Ingredients
The following ingredients have 4 Servings
- 3 cups almond flour
- 2 eggs (room temperature)
- 2 tsp vanilla extract
- 1/3 cup coconut sugar
- 1/3 cup coconut oil (melted, room temperature)
- 2 tbsp coconut oil (melted, room temperature)
- 1 tsp baking soda
- 1/2 tsp salt
- 1/3 cup chocolate chips (dairy free)
Instruction
- Preheat the oven to 350 F. Prepare a baking sheet with parchment paper.
- In a standing mixture, add the sugar, eggs and vanilla. Mixture until smooth.
- In a separate bowl, mix together the almond flour, baking soda and salt.
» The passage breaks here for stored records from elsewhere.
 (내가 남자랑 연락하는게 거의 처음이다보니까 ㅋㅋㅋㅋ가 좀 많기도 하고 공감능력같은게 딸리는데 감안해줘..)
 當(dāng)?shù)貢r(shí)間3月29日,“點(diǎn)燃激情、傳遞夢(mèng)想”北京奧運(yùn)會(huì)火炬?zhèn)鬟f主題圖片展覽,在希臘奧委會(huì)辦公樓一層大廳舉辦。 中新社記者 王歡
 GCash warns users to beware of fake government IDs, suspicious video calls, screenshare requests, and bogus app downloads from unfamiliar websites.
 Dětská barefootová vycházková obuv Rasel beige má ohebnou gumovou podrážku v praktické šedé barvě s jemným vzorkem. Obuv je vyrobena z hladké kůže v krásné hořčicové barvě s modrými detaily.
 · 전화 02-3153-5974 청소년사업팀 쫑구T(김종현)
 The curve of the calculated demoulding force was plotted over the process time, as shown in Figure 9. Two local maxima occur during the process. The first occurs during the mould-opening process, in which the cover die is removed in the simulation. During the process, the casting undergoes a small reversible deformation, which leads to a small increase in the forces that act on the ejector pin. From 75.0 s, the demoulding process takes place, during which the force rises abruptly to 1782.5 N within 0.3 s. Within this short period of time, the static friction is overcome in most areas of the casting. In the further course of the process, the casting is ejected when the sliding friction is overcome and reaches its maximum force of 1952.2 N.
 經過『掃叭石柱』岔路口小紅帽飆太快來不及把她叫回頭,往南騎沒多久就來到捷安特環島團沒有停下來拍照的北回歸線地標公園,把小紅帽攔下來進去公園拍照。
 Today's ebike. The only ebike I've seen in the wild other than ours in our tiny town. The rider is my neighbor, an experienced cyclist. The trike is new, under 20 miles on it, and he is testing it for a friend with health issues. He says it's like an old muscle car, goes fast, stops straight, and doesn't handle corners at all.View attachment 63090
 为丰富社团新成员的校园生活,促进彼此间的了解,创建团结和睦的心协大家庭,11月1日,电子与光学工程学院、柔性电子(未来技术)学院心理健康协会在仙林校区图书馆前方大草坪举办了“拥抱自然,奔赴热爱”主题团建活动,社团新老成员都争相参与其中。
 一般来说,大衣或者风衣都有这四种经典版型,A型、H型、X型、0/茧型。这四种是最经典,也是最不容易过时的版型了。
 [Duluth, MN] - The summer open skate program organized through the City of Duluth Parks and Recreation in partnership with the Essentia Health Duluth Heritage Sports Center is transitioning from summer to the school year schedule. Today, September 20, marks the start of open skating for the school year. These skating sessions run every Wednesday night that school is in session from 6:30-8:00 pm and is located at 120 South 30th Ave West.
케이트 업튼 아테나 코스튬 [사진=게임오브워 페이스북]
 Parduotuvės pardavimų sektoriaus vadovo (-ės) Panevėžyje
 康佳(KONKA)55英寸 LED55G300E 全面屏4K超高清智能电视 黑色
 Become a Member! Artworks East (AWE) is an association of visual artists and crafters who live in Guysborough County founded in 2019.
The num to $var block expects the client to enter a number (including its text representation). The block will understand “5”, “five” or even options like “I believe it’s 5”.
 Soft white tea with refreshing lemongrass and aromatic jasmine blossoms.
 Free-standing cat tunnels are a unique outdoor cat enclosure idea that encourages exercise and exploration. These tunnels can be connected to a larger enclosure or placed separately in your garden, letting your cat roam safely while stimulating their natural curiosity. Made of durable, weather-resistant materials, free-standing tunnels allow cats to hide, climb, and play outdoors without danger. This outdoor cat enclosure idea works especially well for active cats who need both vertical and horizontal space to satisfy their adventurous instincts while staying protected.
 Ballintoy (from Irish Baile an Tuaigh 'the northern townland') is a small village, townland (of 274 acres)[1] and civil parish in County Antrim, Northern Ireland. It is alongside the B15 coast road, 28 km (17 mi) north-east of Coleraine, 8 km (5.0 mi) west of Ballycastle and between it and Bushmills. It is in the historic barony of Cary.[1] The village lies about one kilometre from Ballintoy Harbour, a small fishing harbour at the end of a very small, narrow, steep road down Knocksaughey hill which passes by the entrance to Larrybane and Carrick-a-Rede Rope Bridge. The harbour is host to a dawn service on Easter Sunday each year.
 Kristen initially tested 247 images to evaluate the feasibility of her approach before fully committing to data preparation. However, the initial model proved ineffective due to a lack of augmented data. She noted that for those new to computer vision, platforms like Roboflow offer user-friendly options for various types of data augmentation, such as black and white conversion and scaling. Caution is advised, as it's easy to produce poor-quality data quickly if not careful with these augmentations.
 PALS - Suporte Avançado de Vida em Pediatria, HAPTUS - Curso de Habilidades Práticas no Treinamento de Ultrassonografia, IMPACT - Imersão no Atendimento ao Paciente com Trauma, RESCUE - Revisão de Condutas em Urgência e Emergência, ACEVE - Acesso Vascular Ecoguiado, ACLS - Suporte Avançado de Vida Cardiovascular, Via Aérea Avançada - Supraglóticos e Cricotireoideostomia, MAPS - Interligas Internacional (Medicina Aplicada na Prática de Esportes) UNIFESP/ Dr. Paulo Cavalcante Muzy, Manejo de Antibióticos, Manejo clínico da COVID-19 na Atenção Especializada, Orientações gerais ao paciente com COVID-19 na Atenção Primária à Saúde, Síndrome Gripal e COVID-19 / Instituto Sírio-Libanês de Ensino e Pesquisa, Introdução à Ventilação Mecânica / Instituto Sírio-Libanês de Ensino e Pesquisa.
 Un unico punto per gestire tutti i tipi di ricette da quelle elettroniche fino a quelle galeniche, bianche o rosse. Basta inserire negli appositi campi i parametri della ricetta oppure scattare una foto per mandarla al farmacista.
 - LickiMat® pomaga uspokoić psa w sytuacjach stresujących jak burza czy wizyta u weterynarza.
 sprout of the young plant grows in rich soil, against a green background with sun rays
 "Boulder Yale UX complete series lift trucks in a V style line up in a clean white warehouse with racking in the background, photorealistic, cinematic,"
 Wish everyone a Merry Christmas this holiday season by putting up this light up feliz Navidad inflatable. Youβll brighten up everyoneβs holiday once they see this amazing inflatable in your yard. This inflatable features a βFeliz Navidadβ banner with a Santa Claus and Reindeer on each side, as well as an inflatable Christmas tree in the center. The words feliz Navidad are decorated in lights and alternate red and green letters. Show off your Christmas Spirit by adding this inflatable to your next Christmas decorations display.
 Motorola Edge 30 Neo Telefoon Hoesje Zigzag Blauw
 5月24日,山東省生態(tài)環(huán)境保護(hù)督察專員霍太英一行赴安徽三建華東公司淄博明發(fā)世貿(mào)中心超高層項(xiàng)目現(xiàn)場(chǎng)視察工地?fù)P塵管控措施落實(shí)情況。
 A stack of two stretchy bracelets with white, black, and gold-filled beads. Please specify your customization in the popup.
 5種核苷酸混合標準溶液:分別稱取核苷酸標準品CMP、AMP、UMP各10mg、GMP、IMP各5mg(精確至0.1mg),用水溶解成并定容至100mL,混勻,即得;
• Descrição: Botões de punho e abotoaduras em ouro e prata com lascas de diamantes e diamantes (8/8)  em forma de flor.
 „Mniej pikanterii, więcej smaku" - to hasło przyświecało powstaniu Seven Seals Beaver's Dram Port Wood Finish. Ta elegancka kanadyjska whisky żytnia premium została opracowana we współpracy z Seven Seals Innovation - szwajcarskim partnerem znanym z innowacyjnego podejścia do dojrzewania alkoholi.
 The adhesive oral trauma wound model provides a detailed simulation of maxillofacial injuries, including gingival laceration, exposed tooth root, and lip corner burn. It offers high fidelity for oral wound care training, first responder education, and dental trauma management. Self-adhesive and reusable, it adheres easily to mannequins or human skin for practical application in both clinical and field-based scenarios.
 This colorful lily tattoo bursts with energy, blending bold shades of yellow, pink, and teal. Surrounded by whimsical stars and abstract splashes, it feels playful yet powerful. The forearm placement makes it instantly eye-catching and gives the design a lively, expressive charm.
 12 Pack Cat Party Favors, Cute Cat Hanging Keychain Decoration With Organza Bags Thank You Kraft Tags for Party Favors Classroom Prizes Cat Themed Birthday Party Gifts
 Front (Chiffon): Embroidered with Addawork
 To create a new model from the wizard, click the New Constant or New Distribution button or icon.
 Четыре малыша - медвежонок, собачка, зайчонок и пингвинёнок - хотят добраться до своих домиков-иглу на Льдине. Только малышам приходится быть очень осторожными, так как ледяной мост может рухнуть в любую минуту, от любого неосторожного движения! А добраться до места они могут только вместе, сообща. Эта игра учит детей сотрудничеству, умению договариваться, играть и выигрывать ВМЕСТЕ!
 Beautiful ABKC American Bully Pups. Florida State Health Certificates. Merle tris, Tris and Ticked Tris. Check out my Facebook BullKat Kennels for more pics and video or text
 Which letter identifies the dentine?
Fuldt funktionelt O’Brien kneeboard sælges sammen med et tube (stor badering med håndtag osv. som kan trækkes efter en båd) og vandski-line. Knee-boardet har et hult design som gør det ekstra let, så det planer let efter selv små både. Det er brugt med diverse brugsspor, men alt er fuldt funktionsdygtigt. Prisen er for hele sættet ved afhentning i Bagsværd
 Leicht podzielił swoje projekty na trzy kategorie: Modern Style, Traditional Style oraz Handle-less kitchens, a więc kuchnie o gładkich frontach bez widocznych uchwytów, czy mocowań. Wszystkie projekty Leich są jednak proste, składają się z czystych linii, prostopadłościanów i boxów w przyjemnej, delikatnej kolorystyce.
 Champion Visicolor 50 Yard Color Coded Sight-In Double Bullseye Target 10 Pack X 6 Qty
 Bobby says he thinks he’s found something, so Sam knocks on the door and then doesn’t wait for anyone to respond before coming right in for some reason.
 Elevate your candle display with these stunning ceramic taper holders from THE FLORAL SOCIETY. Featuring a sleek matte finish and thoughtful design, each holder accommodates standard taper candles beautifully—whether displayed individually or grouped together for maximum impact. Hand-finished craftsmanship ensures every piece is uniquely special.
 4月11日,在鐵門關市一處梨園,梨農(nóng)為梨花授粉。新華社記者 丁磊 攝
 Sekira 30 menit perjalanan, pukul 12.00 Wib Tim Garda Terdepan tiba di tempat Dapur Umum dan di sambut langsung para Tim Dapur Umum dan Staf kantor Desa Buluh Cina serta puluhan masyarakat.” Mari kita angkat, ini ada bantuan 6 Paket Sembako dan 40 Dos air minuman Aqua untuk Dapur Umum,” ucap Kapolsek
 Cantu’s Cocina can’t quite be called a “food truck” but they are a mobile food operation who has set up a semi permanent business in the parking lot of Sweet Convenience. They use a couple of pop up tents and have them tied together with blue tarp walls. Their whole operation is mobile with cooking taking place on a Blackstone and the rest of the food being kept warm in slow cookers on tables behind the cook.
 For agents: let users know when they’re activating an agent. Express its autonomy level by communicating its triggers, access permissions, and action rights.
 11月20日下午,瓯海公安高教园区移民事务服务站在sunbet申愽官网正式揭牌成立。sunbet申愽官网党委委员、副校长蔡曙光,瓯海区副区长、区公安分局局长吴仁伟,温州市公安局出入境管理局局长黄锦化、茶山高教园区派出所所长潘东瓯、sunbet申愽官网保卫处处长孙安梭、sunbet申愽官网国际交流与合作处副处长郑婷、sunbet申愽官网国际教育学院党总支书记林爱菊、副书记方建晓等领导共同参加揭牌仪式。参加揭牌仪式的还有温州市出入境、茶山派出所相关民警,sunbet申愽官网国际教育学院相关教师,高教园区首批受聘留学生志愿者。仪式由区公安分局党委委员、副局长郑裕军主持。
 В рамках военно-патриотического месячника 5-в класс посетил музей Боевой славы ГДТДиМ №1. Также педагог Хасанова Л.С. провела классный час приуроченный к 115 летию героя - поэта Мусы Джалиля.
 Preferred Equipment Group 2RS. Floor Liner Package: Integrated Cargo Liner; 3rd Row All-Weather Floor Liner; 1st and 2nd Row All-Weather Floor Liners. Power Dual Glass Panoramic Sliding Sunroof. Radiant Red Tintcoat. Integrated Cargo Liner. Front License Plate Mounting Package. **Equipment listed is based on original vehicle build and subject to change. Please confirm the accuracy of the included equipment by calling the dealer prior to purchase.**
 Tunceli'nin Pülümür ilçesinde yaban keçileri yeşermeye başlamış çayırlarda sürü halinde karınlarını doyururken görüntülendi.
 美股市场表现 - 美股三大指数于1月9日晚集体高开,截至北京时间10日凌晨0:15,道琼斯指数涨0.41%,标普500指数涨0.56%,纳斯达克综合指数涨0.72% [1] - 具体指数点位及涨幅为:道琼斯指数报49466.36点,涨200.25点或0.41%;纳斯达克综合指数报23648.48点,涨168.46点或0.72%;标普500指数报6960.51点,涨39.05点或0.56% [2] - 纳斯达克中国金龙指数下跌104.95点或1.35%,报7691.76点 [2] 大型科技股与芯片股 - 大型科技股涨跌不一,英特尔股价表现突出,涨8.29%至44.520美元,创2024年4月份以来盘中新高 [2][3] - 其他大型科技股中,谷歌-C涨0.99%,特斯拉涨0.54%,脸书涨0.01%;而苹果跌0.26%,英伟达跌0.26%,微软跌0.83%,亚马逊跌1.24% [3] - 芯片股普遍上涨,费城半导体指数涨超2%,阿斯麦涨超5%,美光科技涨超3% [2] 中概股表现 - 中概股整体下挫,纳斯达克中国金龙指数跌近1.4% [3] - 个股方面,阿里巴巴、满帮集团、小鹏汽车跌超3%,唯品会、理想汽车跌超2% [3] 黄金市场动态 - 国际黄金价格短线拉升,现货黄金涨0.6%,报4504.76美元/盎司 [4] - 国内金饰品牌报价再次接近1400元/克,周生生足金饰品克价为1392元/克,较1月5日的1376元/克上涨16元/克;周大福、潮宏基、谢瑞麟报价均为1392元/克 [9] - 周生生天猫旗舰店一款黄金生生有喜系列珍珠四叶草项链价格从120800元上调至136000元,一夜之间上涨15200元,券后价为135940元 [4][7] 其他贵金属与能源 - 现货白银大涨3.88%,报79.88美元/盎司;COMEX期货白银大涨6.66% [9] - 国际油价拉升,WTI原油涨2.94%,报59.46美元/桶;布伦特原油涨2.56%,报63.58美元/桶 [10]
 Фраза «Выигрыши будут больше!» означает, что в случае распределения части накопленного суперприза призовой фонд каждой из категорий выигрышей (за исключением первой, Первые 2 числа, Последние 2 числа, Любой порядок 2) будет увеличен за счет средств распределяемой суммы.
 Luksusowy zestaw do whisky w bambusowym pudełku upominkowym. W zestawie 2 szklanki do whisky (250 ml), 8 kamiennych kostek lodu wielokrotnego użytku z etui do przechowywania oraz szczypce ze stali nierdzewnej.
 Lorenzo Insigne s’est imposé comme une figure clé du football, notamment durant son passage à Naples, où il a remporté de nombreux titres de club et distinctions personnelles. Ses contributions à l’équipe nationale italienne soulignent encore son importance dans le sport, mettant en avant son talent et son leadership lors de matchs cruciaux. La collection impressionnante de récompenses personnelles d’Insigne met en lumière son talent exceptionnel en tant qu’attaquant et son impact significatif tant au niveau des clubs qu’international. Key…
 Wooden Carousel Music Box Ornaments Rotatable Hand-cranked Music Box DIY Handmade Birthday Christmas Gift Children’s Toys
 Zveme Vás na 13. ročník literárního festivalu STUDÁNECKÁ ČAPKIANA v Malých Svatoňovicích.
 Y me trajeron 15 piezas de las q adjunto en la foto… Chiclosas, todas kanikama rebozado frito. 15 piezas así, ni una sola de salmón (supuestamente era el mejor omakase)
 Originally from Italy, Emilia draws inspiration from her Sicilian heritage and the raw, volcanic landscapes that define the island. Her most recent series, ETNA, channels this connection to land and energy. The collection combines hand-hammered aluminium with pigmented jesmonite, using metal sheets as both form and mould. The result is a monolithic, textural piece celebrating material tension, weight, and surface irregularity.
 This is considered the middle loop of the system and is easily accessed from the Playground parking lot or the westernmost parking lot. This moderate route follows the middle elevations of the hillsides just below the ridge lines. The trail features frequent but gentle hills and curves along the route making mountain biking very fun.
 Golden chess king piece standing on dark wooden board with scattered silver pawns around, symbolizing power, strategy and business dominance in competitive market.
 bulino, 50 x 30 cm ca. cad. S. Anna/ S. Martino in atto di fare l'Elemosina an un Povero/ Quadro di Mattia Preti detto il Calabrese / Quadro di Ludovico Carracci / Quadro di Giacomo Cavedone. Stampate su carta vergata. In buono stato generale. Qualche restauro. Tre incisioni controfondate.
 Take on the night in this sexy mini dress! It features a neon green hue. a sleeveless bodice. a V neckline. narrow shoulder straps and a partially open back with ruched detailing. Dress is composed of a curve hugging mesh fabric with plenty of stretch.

- Add half the dry mixture to the wet mixture then add the 2 tbsp of coconut oil and mix to combine
- Add the remaining 1/3 cup of coconut oil and dry mixture to the batter and mix. Next fold in the chocolate chips.
- Place the batter in the refrigerator 15 minutes to set. This prevents the cookies from spreading too much.
- Remove the batter from the refrigerator then use a medium ice cream scoop, to scoop the batter. Roll the batter into a ball using your hands and place on the prepared baking sheet.
- Bake at 350 F 12-13 minutes or until the edges are slightly browned. Remove from the oven and immediately transfer to a wire baking rack to cool.
- Serve immediately or store leftovers in the refrigerator.